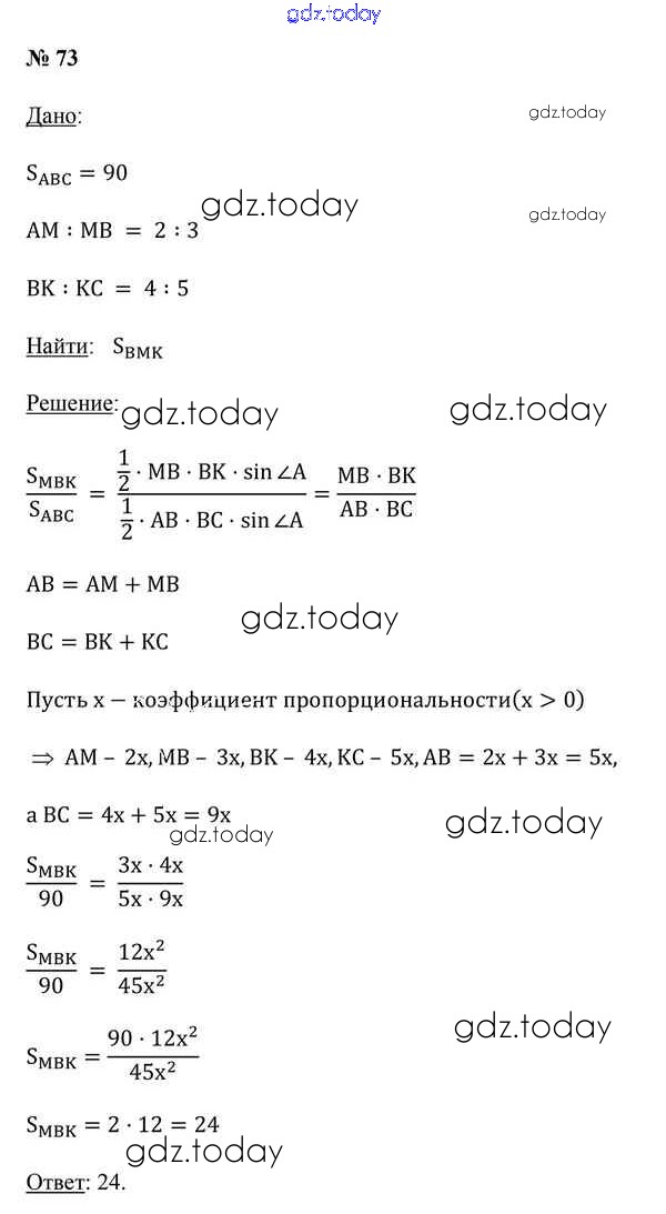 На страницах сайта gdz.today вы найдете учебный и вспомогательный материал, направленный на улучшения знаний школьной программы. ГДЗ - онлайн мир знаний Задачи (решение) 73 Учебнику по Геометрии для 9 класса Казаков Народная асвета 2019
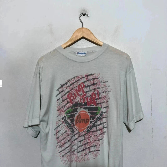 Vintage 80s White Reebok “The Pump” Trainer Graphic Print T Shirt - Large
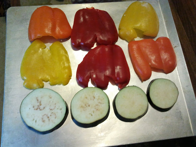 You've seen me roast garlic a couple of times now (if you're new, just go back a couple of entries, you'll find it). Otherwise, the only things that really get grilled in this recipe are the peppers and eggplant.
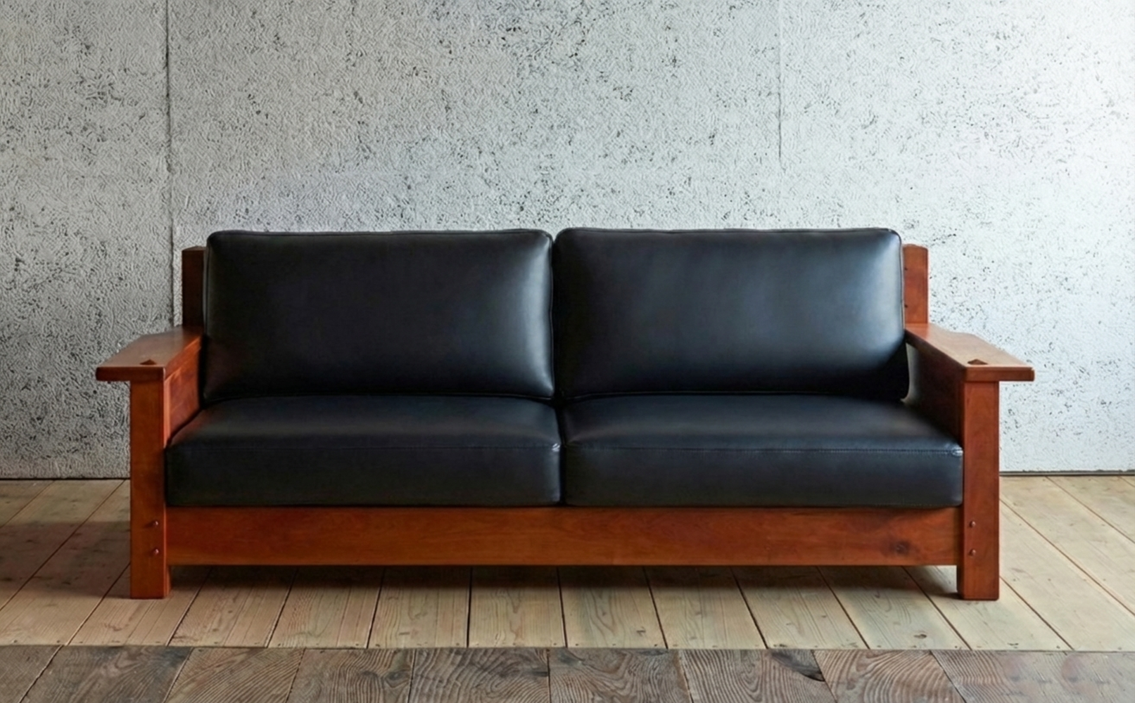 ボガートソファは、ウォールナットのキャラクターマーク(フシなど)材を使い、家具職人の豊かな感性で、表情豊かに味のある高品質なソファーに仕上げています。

• Task to complete:
Each line from the first line of the data above through the one containing "Vintage 80s White" must be set down exactly; the pictures must not be.

• Result of this task:
 На страницах сайта gdz.today вы найдете учебный и вспомогательный материал, направленный на улучшения знаний школьной программы. ГДЗ - онлайн мир знаний Задачи (решение) 73 Учебнику по Геометрии для 9 класса Казаков Народная асвета 2019
 Vintage 80s White Reebok “The Pump” Trainer Graphic Print T Shirt - Large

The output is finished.